Il romanzo autobiografico Banchi di vita, uscito all’inizio di novembre per la Helicon edizioni, è il frutto di un debito di gratitudine per ciò che l’autrice, Cecilia Ricci, docente di filosofia e storia, ha appreso dai suoi alunni durante i primi anni di insegnamento. Ogni insegnante è spesso ridotto, come si spiega nel testo, “a pianificatore di programmi, di contenuti, unità, moduli, sapientemente dilazionati, snocciolati nell’arco delle lezioni e delle settimane ma ha la possibilità di accorgersi, se è onesto con quello che vive, che non c’è una tabella di marcia perfetta quando si hanno davanti le vite degli altri”.



Chi vive dentro la scuola sa bene che questa istituzione, da qualche anno, ha deciso di rifarsi il trucco, assumendo le forme di una grande officina preposta alla riprogrammazione dei cervelli, secondo i protocolli europei ricchi di fantasie metodologiche.
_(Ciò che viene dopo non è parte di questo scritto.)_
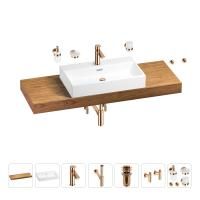 1 x cтолешница для раковины, арт. 162012000 (размер 140*50 см, цвет светлый дуб Оксфорд); 1 х керамическая раковина, арт. 150903000 (размер 70*41 см, цвет глянцевый белый); 1 x декоративная заглушка на отверстие перелива раковины (цвет хром); 1 х смеситель для раковины, арт. 182304000 (цвет розовое золото); 2 х гибкая подводка для подключения смесителя, 45 см; 1 x сифон для раковины, арт. 182122000 (цвет розовое золото); 1 x донный клапан для раковины, арт. 182132000 (цвет розовое золото); 2 x угловой вентиль, арт. 182149000 (цвет розовое золото); 1 x дозатор для жидкого мыла с держателем, арт. 182514000 (стекло матовое, держатель розовое золото); 1 x мыльница с держателем, арт. 182504000 (стекло матовое, держатель розовое золото); 1 x стакан для зубных щеток с держателем, арт. 182509000 (стекло матовое, держатель розовое золото); 2 x крючок для полотенца/халата, арт. 182519000 (цвет розовое золото); 7 x комплект креплений для монтажа; 9 x инструкция по монтажу и эксплуатации; 9 x гарантийный талон. |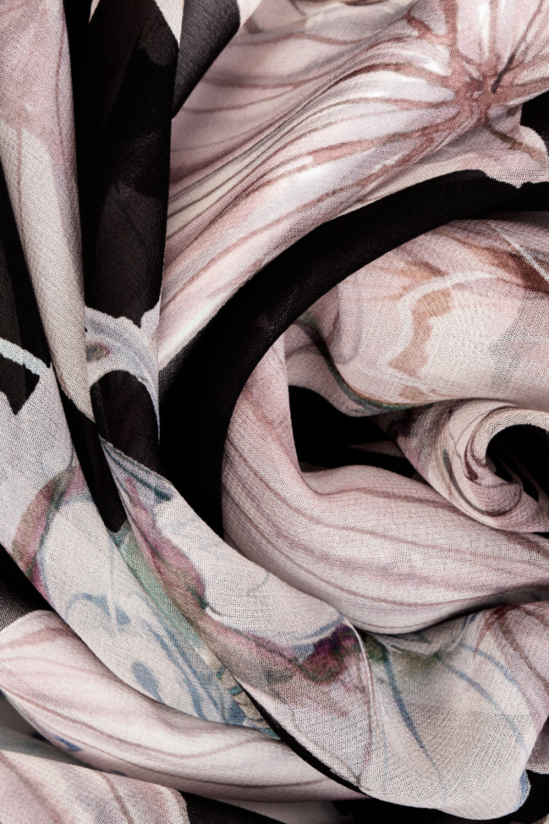 Itāļu šifons 100% zīds ar lieliem ziediem pasteļtoņos uz melna fona. Blīvs, atkārtots raksts, kas veidots gaišos rozā, zilā, zaļā, ziedu toņos ar izmēru 18cm*19cm. Audums ir viegls, gaisīgs, nedaudz caurspīdīgs un nāk no pazīstama modes dizainera kolekcijas. Skaists piedāvājums romantiskā izdevumā izveidot kleitu, blūzi vai svārkus.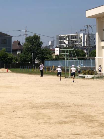 気温があがって暑さを感じるなかでの運動でしたが、適宜水分補給をしながら、自分の力を出し切って取り組みました。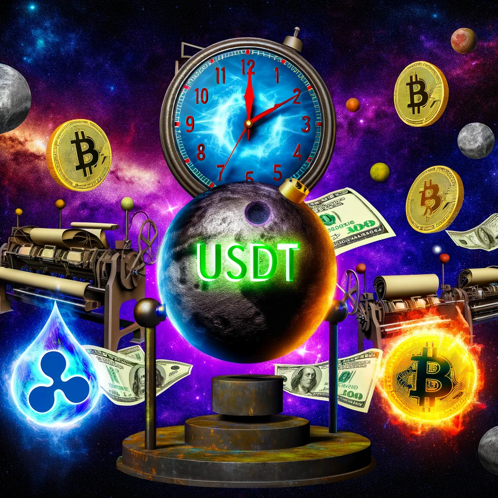 Središnji motiv slike je velika sfera s oznakom USDT u živoj zelenoj boji, okružena simbolima kriptovaluta poput Bitcoin i Ripple. U pozadini se prostire neumoljiv svemir, dok vintage sat i tiskare novca naglašavaju dinamičnu prirodu globalnih financija.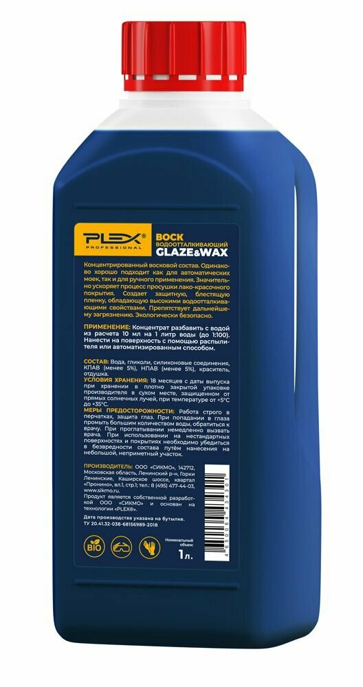 PLEX Воск водоотталкивающий (разведение 1:100) GLAZE&WAX 1л интересное: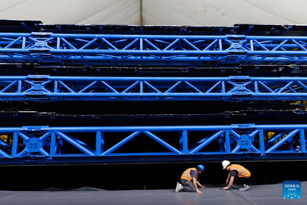 This photo taken on Nov. 18, 2025 shows workers laying floor mats at the hall of Jiangmen Underground Neutrino Observatory (JUNO), with three layers of muon detector arrays over their heads, in Jiangmen, south China's Guangdong Province. (Xinhua/Jin Liwang)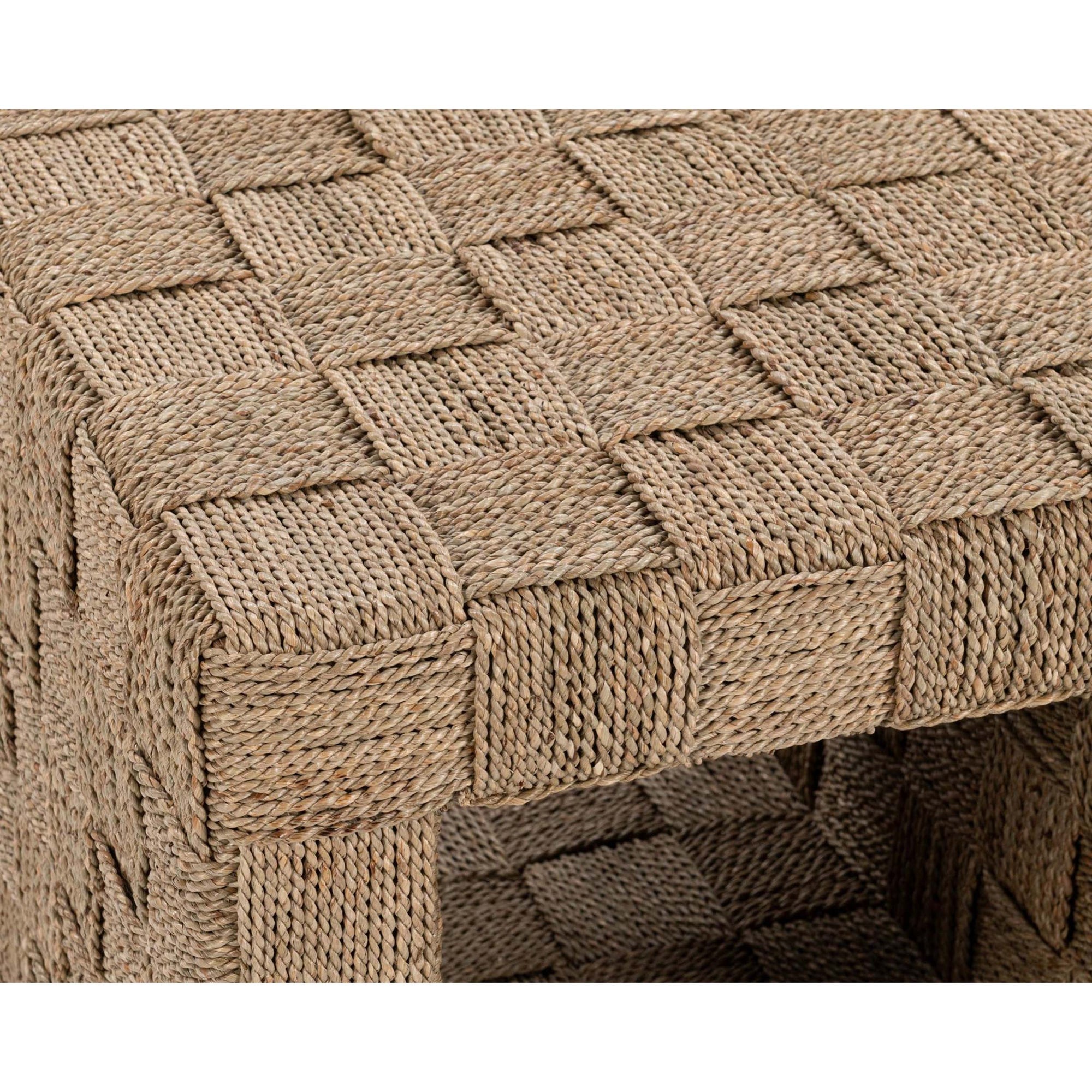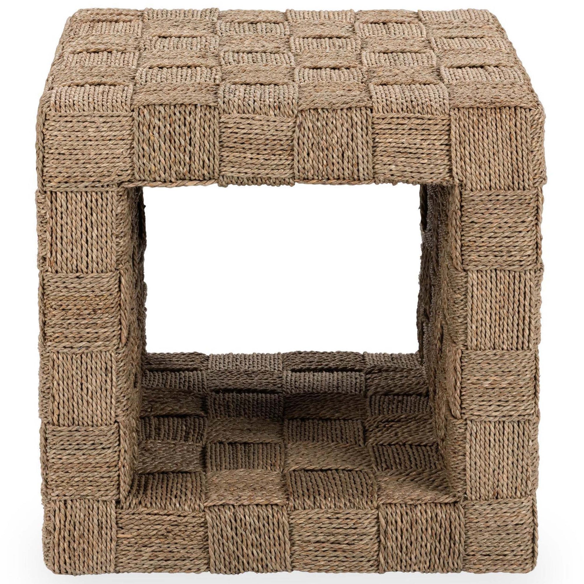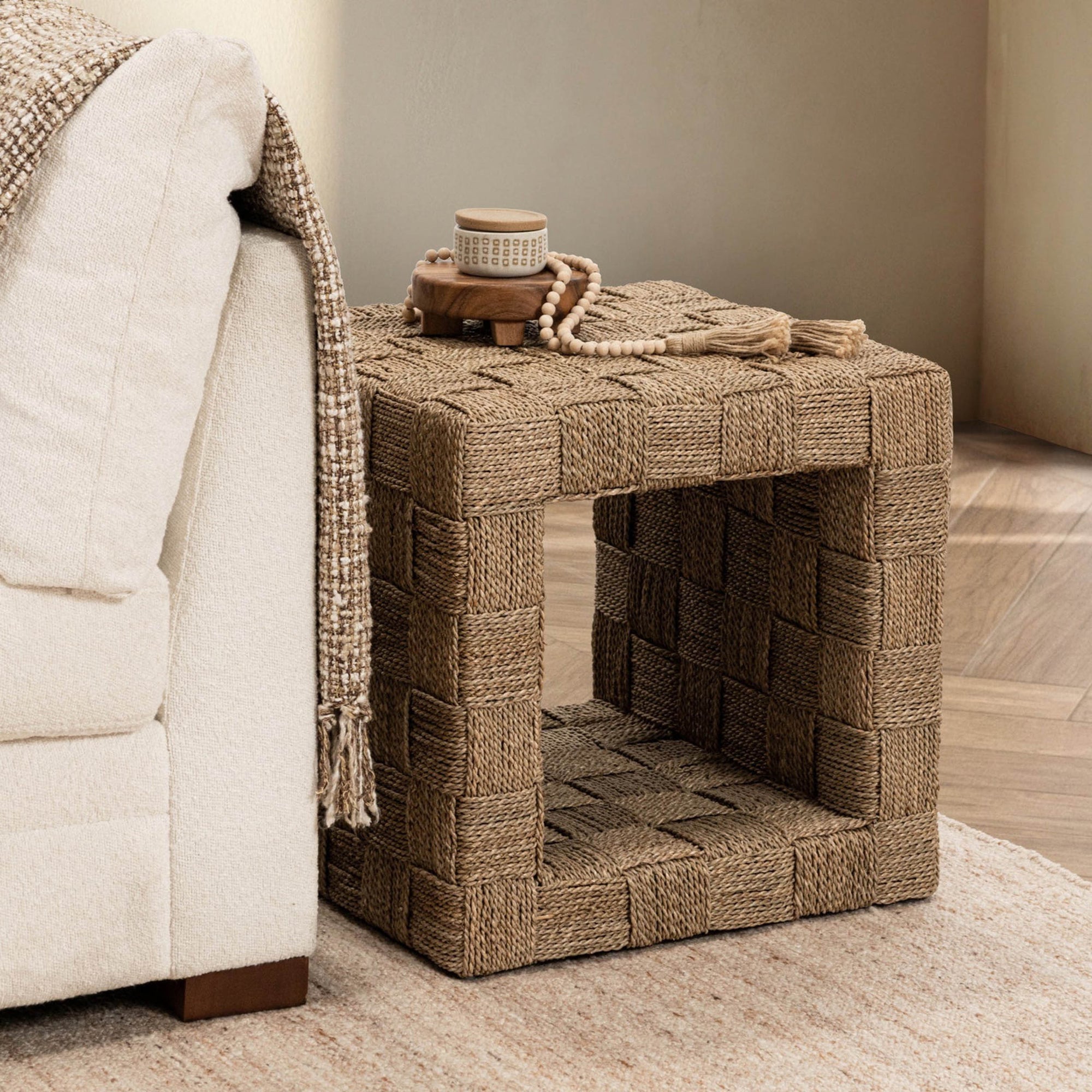The Neyla Square End Table brings nature indoors with artisan craftsmanship and organic texture. Handwoven seagrass wraps a sturdy mahogany and plywood frame, forming a geometric cube that exudes warmth and balance. Its basket-weave design and open structure lend an airy sophistication, perfect as a side table, nightstand, or accent piece in living rooms, bedrooms, or coastal-inspired spaces.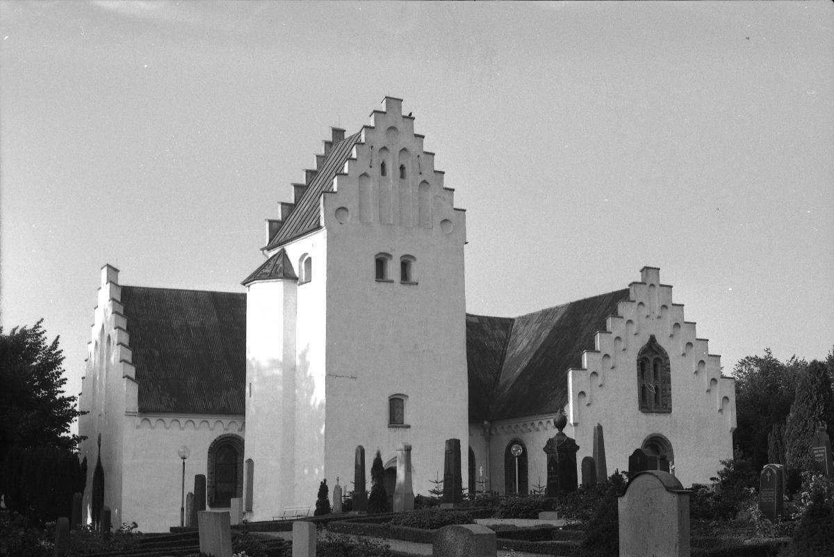 Utomhusbild som visar Oxie kyrka. Gravstenar i förgrunden.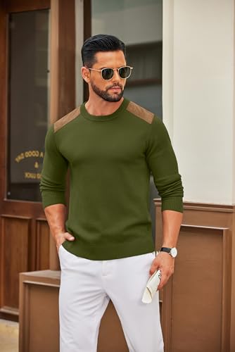Fabric type: 100% PolyesterCare instructions: Hand Wash OnlyOrigin: ImportedNeck style: Crew NeckPremium Knit Fabric --- Crafted from soft, skin-friendly polyester fabric, this men's round-neck sweater offers comfort, elasticity, and balanced warmth with breathability for all-day wear.Classic and Fashion Design --- Featuring a timeless round neck, long sleeves with ribbed cuffs/hem, and textured knit patterns, it elevates tradition with modern details like contrast leather shoulder panels for refined sophistication.Knitted Sweaters --- Layer over a thermal men crewneck sweater with casual trousers for relaxed autumn style; pair with coats or jackets to create polished winter ensembles. Maintains modern warmth across versatile looks.Knit Pullover Sweater --- Casual, golf, streets, vacations, dates, offices, business, meetings, dinners, parties. The tailored fit adapts seamlessly from daily routines to formal events.Size Note --- US Sizing. Consult our size chart before purchasing our dress roundneck pullover sweaters to ensure the perfect fit. Perfect for everyday use. premium materials and excellent craftsmanship ensure long-lasting durability.

Anche chi voglia prepararsi a un concorso docenti sa bene di doversi sottoporre a corsi di addestramento e ingurgitare un bibitone di tecniche didattiche che nulla hanno da spartire con la cultura capace di interrogare il mistero dell’umanità. Le ricette proposte dai piani alti contano “tra gli ingredienti quantità indefinite di ascolto, valorizzazione, interazione multimediale come leva per sollecitare l’interesse. Una poltiglia neutra di indicazioni che non indicano, di Linee guida che non guidano, se non verso l’omologazione di attitudini, gusti, capacità, nel grande ideal-tipo dell’unico soggetto collettivo che conti: la classe. I singolari protocolli di gestione del conflitto sorto nelle dinamiche della classe sono attenti a bandire qualsiasi forma di preferenza. E se essa invece fosse la sola arma per ridestare passione e libertà?”.



È anche per resistere al rischio di deriva spersonalizzante della scuola che l’autrice ha avvertito l’urgenza di raccontare la storia della gratitudine sorta, passo dopo passo, incontrando la meraviglia e la rivolta dei suoi studenti, maturate dentro le lezioni di filosofia. Gli interrogativi della disciplina hanno generato le loro domande e permesso alle sue di ridestarsi, consentendo alla sua umanità rattrappita e infarcita di pretese di misurarsi con l’assillante domanda che si ostinava a non guardare: “Esiste qualcosa che duri per sempre?” e “Che forma ha il Bene? Quello che riceviamo, immeritato, o quello che doniamo per guarire segretamente le nostre colpe? Che natura aveva il mio, commensurabile al dolore da cui sgorgava incessantemente insieme alle mie quotidiane rivolte?”.



La fine di uno dei tanti esami di Stato aveva portato alla coscienza che non ci sarebbe stato più spazio per lo stupore e le domande sofferte, nate dagli interrogativi filosofici e dai crimini della storia. Gli alunni avrebbero intrapreso cammini diversi, ma la giovane insegnante, anziché gioire fiduciosa, viveva il dolore dello strappo. Fu allora che interrogò quel dolore, figlio del suo bisogno innato di eternità e della promessa tradita che rintracciava in numerose esperienze della sua vita. Probabilmente, allora, pochi avrebbero indovinato il suo smarrimento, soprattutto i suoi studenti che erano soliti vederla come un generale inflessibile ed esigente dentro al recinto della classe.

Quello delineato è quindi un percorso di cambiamento dalla pretesa alla gratitudine, reso possibile dal cammino attraverso il dolore della malattia e della perdita, il bisogno di amicizia e di autenticità di rapporti veri, il dramma per la sofferenza dei ragazzi disabili e l’amore incommensurabile ricevuto da loro in dono. Tutte esperienze che nel volume hanno nomi e storie uniche e universali.

Strapparle all’anonimato è il suo modo di rendere grazie, perché “Ignoriamo quasi sempre che insegniamo per scoprire realmente quello che sapevamo in astratto. Iniziamo a farlo assistendo grati al miracolo della corrispondenza. Poi ce lo scordiamo, a poco a poco. Cominciamo a sfrecciare assenti sulla via della pianificazione cercando solo rapporti sicuri. Poi accade qualcosa, un imprevisto. Ti imbatti in qualcosa o qualcuno sperimentando di essere preferita e ti ricordi di esserlo stata da sempre. Dall’inizio della tua vita”.